Work request ▸ I'd like the entire listing output verbatim, apart from the pictures.

Data provided ▸
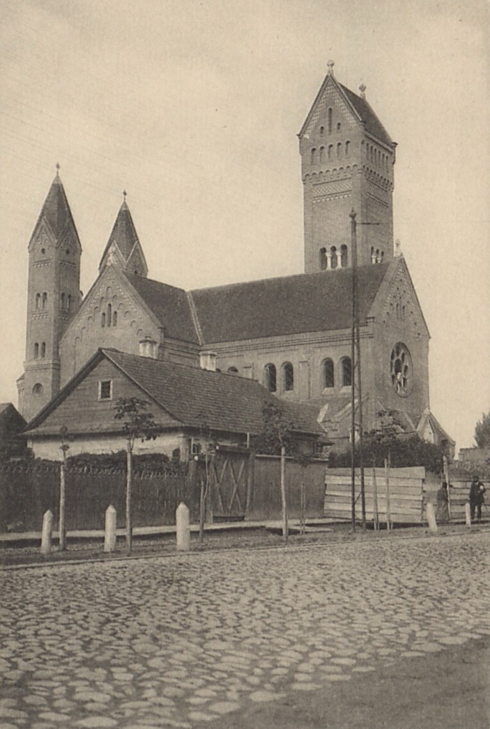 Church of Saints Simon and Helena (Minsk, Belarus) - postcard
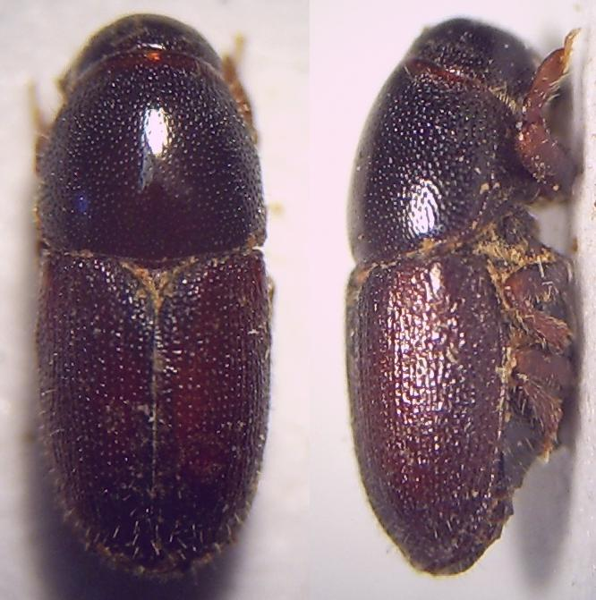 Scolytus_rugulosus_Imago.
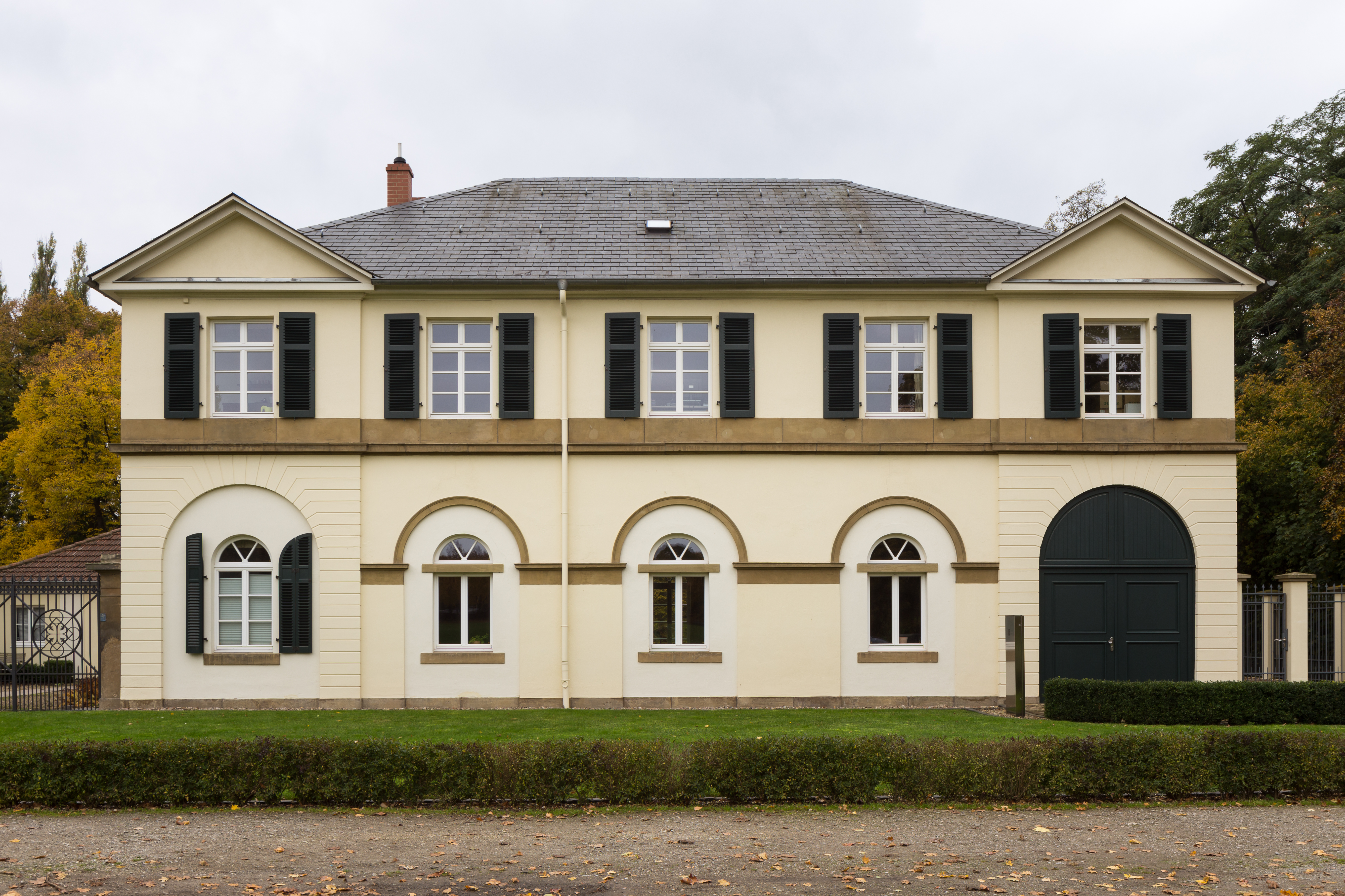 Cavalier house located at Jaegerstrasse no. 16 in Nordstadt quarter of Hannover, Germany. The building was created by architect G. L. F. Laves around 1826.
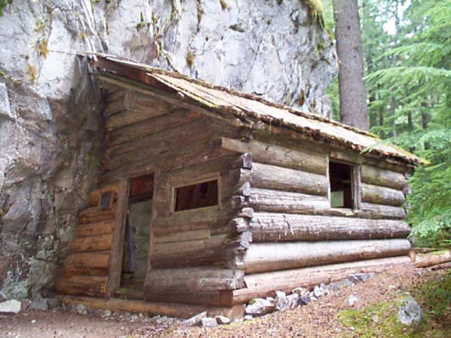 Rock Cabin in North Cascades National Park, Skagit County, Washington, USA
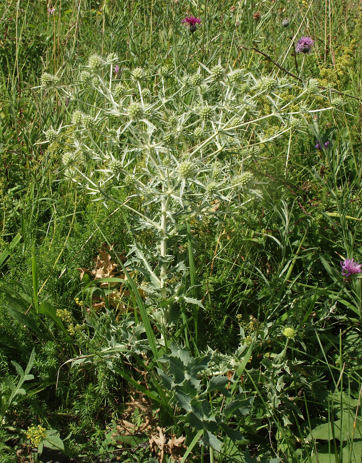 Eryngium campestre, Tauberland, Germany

Written response ▸
 Church of Saints Simon and Helena (Minsk, Belarus) - postcard
 Scolytus_rugulosus_Imago.
 Cavalier house located at Jaegerstrasse no. 16 in Nordstadt quarter of Hannover, Germany. The building was created by architect G. L. F. Laves around 1826.
 Rock Cabin in North Cascades National Park, Skagit County, Washington, USA
 Eryngium campestre, Tauberland, Germany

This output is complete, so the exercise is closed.